1987 3807 The fwd AC unit is not blowing cold air. It will blow warm. My son turned the thermostat up a little each time he felt it wasn't cold enough. Now it's all the way up to the cooler side (old style 3 knob dials). If I turn it slowly towards warmer, I can hear the click in the switch. If I keep turning it, no other clicks. That tells me that the click I heard was the heat-side circuit cycling on and it does. When I turn it towards cooler, I can hear the click when its almost all the way over to cold which is the heat side circuit cycling off and it does. The dial then limits out on the cool side without another click which would normally be the cool side cycling on. (Or well before the dial limit) I'm thinking either the knob itself has an issue or the thermometer bulb at the intake is faulty. Has anyone else experienced this?
Cruisair? I have a vertical 3 knob complete unit I removed when replacing my ac if you decide you need parts I can sell.
This, and now when you need to replace a unit. The new dometic units will use either new display from cruiseair or marineair......they're not brand specific anymore.
He may not want to spend what it cost to upgrade on a old ac unit. A fx thermostst will be a few hundred and yes they are nice. but whatever I offered a alternative that would work if that's the issue that will be way less.
If it's still warm in the cabin, you will not get the warm on-click since it's already hot in the cabin your hearing the cool on/off click. You still have another problem.

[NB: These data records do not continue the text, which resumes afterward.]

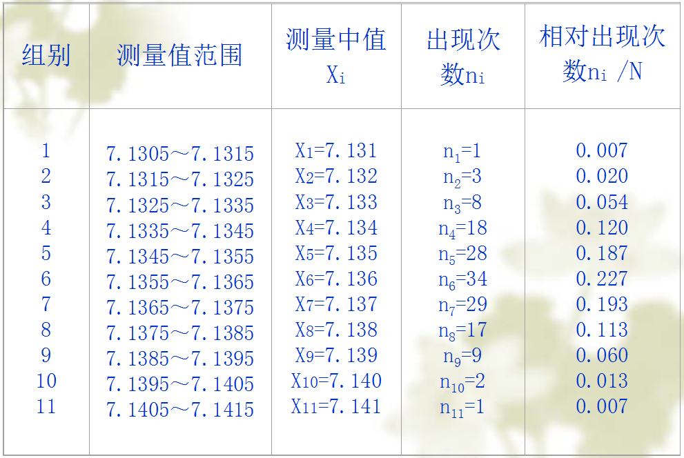 设用立式测长仪对同一零件的某一部位用同一方法进行150次重复测量,然后将150个测得值按尺寸大小分组列入表3-3中。
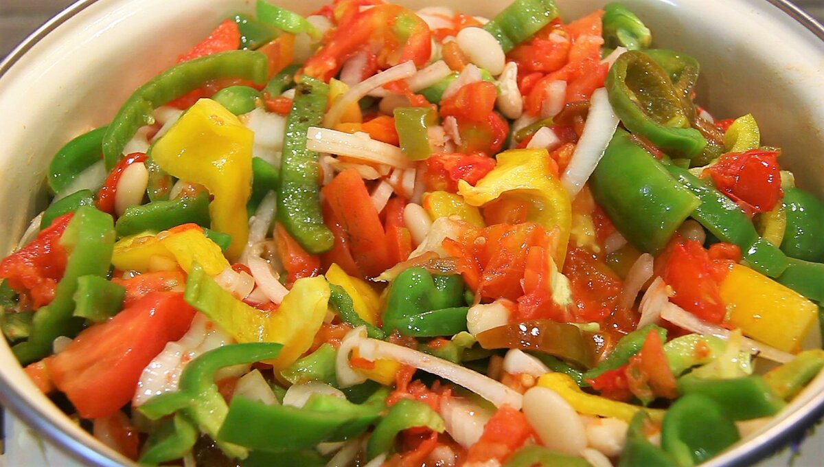 У каструлю складіть відразу всі овочі ( помідори, цибуля, болгарський перець ) і заздалегідь підготовлену квасоля. Проваріть все на повільному вогні приблизно 30 хвилин, періодично помішуючи. Час приготування може бути різним, головне щоб квасолю не розварити і залишилася в цілому вигляді.
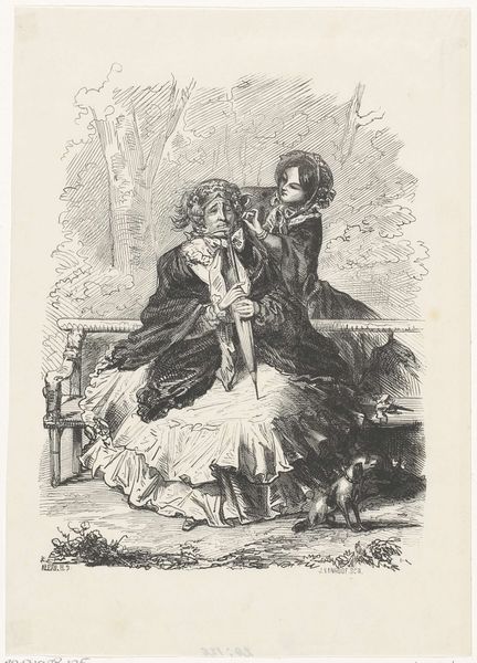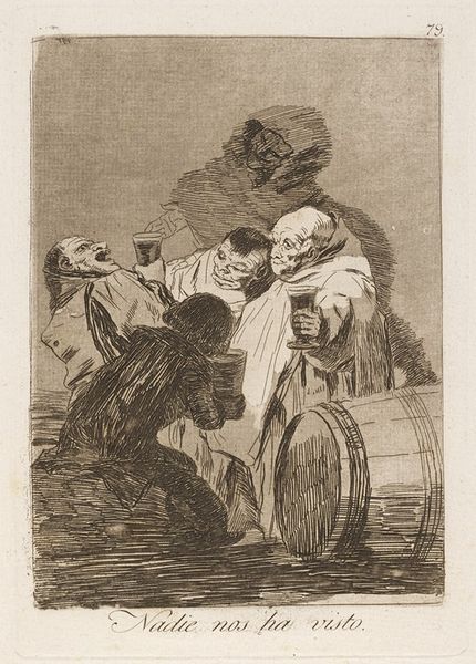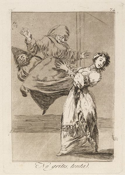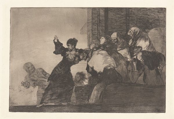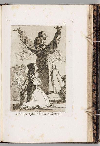 Curator: This etching, "Lo que puede un Sastre!" which roughly translates to "What a Tailor Can Do!" was created by Francisco de Goya around 1796-1797. It's quite a provocative piece, wouldn't you agree? Editor: Provocative is an understatement! My gut reaction? A touch unsettling, like a dream teetering on the edge of nightmare. That looming figure is...well, rather overwhelming. What are we actually looking at? Curator: Indeed! It’s part of Goya's "Los Caprichos," a series of prints that critique the absurdities of Spanish society. It uses allegory to address political corruption, social injustices, and the abuses of power. Specifically, the satire seems to target the aristocracy, their pretenses and those elevated without merit. Editor: So, the tailor...becomes a king or some powerful figure, fueled by ridiculous circumstances? It hits at the farcical nature of authority. Plus, it’s all done with such deftness; I love how expressive the faces are. Curator: Absolutely. The group of figures to the left is especially potent. Goya uses his skill with aquatint and etching to great effect. I am interested in looking into its critique of power structures and their construction during times of great socio-political turbulence. This specific etching reveals some things about gender and societal power as well, specifically for the kneeling woman. Editor: I also notice the sort of winged cherubs hanging in the sky above. Are they putti? If so, the contrast between their innocent imagery and the somber, serious subjects of this scene only further serves to amplify the underlying strangeness. Curator: Yes, the cherubs add an ironic layer, mocking the idea of divine approval for such a ridiculous figurehead. Editor: So much contained in such delicate lines. It's hard to believe Goya did this so long ago, the message resonates. Curator: Precisely. And looking at how this artwork and so many of Goya's pieces comment on themes and topics we still reckon with makes this art so important to explore in modern contexts. Editor: Agreed, these images offer something timeless, even in their specific criticisms. It has to do with revealing what a fraud authority can be! Food for thought for all!
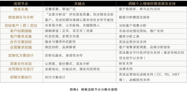 流程节点的任务分解以最新销售流程节点的分解(见图表4)为例,基于上一年度人才培训工作成果,进行销售流程优化时,需要对每个节点的关键任务或要素重新归类,并加入对所需资源的描述,使与销售工作相关联的其他部门明确应该在哪些环节给予支持;同时,任务分解也能够帮助销售人员更好地利用公司现有资源开展销售工作,使工作思路更加清晰。
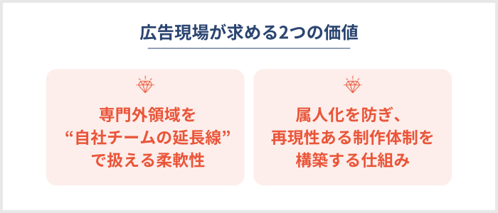 営業やプロデューサーが現場に張り付き、個人の力量に依存する体制が続く中で、安定的に複数案件を進行させるには「もうひとつの社内チーム」が必要とされています。
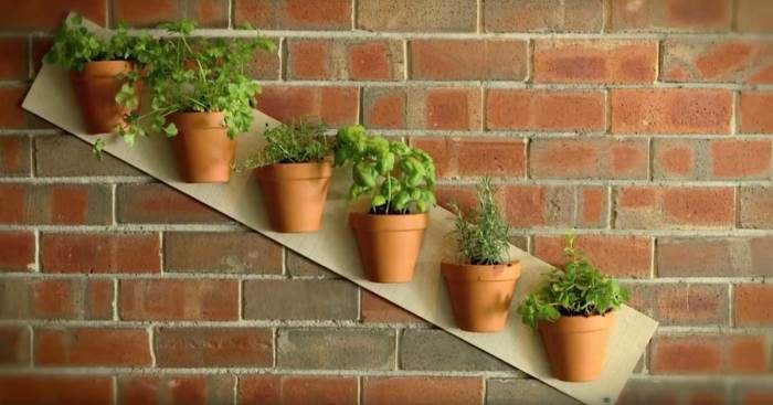 Вертикальное украшение стен растениями в горшках из жестяных банок.
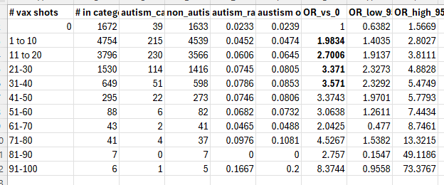 I was able to confirm the high odds ratios when kids are given large numbers of vaccines in a survey I did of over 12,000 parents on May 19, 2023. The high OR values are consistent with the peer-reviewed literature. It took me a couple of hours to do the survey. Anyone can replicate my work. Nobody will.

You can confirm this theory by monitoring the cooling water pump. If the click you heard was the heat coming on the cooling water pump should come on and you should see water exiting the boat. (naturally this only makes sense if this is the only A/C turned on during the experiment).
Good idea if the compressor and the pump are wired together. Some older 3 knob controls turn the pump on when the fan is on (old start position). An other crude thought, put an ice cube on the bulb. Your clicks will change and you may feel two clicks for a while before it gets to cold.
Water pump comes on immediately on mine. Not wired in conjunction with the two compressors that it serves.
It should not, it should have a trigger box so that it only comes on when 1 of the air conditioners are calling for a/c or heat. If it's on 24/7, then you have a bad trigger or bad trigger board).
I will look at the control wiring, since you mentioned it. The system has worked in this way for 23 years and I never questioned it. Edit: no card. A small Cruisair box with a power relay inside. Either compressor gets turned on and the March pump starts. There is some info on the data plate but I crawled in w\o my cheaters so we may never know what it says.
Older pump controllers (PC2 or PRC2) relied on an old solid state relay. Offering isolation between the two A/C controls. The older 3 knob controls, when you turned on the fan, the pump would come on then. The real old panels were labeled Start. Then after checking for water flow and fan operation, turn the knob to the Run position where the compressor would run depending on the thermostat setting and the pump & fan would continuously run. Later panels were labeled Fan then Run. Regardless of the compressor running or not, the pump runs. Later 3 knob controls that we commonly see today, the pump usually cycles with the compressor. It's all in the purple and black/red wires on the back of the 3 knob controls.
We may be coming accross an opportunity for the lucky owners that have the old design. It should be entertaining to upgrade the controllers to end up with higher temperature setting precision and reduction of usage to pump and fan.
Hi guys, I've been off the grid anchored in God's country. To answer some, if not all, of the questions....old style three knobs. Pump runs all the time as long as one of the units is turned on and that means to START. Always has been this way. Turns out the thermostat was faulty. The distributor of Dometic up here says they will fail after decades of use and that's why he has them in stock. Picked one up and installed it yesterday. All good now. They've added an extention on the copper capillary tube. Now, you run the extention past the evap coil and into the outbound air flow. Thanks for the input.